When you reach the line containing "Interruptores duales: el" in the entries below, begin reproducing lines exactly, and stop once the line containing "A minimalist composition" is done.
### RECORDS SHOWN ###
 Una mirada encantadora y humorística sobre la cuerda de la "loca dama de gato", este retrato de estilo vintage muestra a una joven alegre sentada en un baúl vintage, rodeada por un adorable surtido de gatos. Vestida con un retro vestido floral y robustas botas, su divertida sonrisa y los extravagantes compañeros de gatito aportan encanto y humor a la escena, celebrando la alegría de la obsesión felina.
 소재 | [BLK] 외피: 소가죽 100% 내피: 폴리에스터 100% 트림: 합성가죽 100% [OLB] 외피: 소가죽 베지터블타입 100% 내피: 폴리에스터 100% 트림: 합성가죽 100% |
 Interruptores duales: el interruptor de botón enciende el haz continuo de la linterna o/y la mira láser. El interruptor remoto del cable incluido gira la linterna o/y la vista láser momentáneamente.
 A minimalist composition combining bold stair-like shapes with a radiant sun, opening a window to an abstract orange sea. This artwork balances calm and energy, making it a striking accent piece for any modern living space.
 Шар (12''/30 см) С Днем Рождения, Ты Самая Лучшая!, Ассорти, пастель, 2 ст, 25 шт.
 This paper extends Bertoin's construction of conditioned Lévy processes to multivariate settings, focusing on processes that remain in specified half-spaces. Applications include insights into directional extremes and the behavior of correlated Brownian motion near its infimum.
###
### RECORDS SHOWN ###
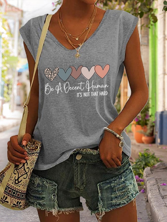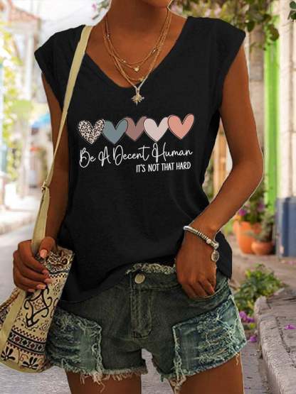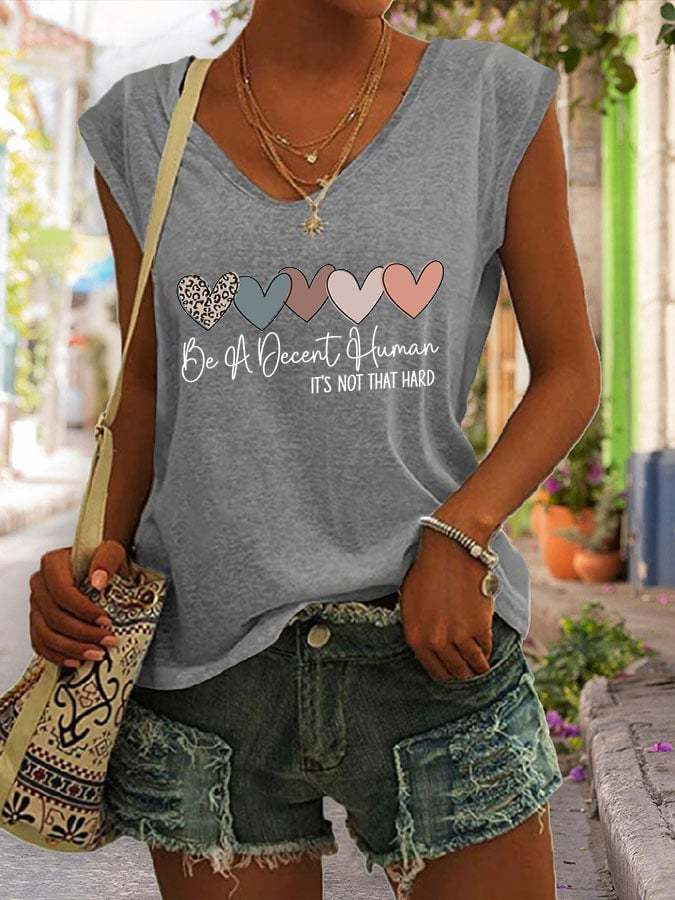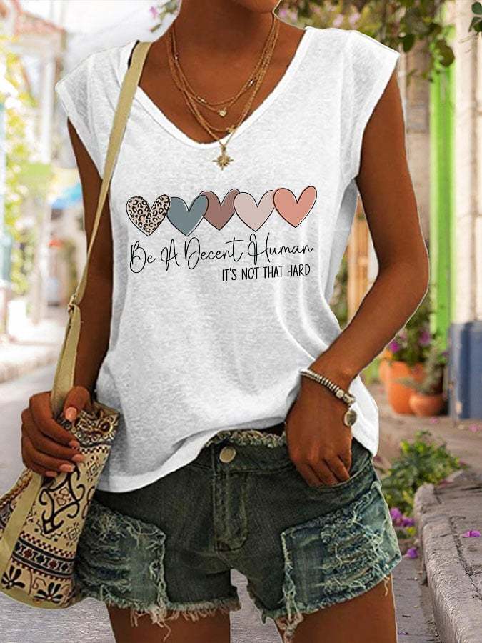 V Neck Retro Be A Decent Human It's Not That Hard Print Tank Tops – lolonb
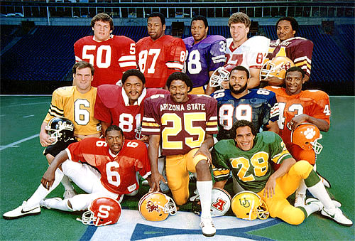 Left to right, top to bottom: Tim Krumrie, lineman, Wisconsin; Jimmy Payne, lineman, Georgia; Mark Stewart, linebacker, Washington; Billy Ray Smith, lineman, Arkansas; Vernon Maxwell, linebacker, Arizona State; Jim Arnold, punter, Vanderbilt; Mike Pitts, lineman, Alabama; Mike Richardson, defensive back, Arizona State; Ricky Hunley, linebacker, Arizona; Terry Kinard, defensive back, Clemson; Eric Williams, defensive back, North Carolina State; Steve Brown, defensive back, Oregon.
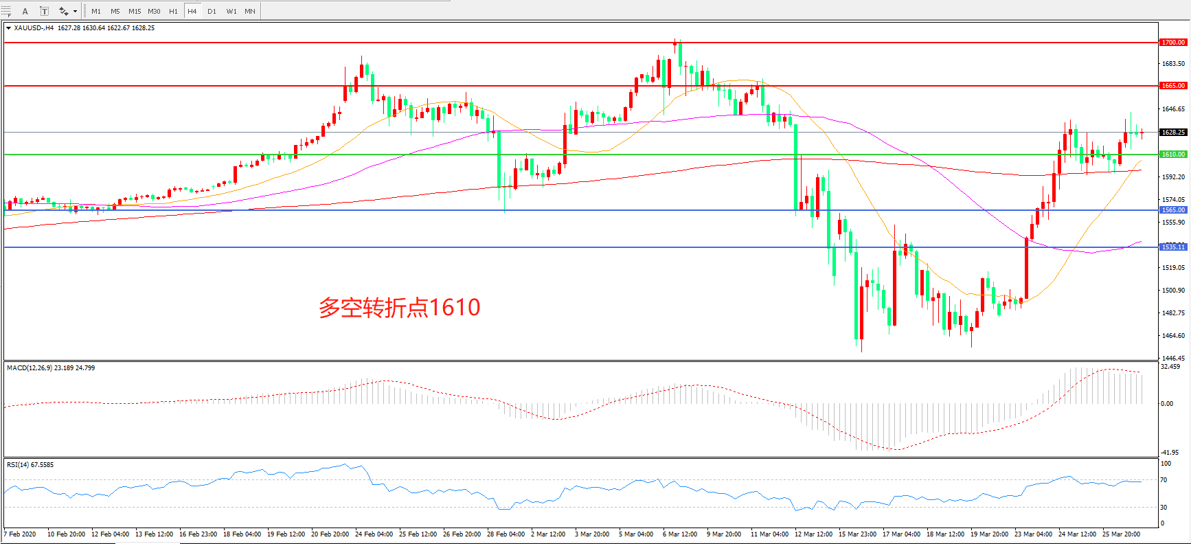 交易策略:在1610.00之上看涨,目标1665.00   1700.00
###
TASK OUTPUT:
 Interruptores duales: el interruptor de botón enciende el haz continuo de la linterna o/y la mira láser. El interruptor remoto del cable incluido gira la linterna o/y la vista láser momentáneamente.
 A minimalist composition combining bold stair-like shapes with a radiant sun, opening a window to an abstract orange sea. This artwork balances calm and energy, making it a striking accent piece for any modern living space.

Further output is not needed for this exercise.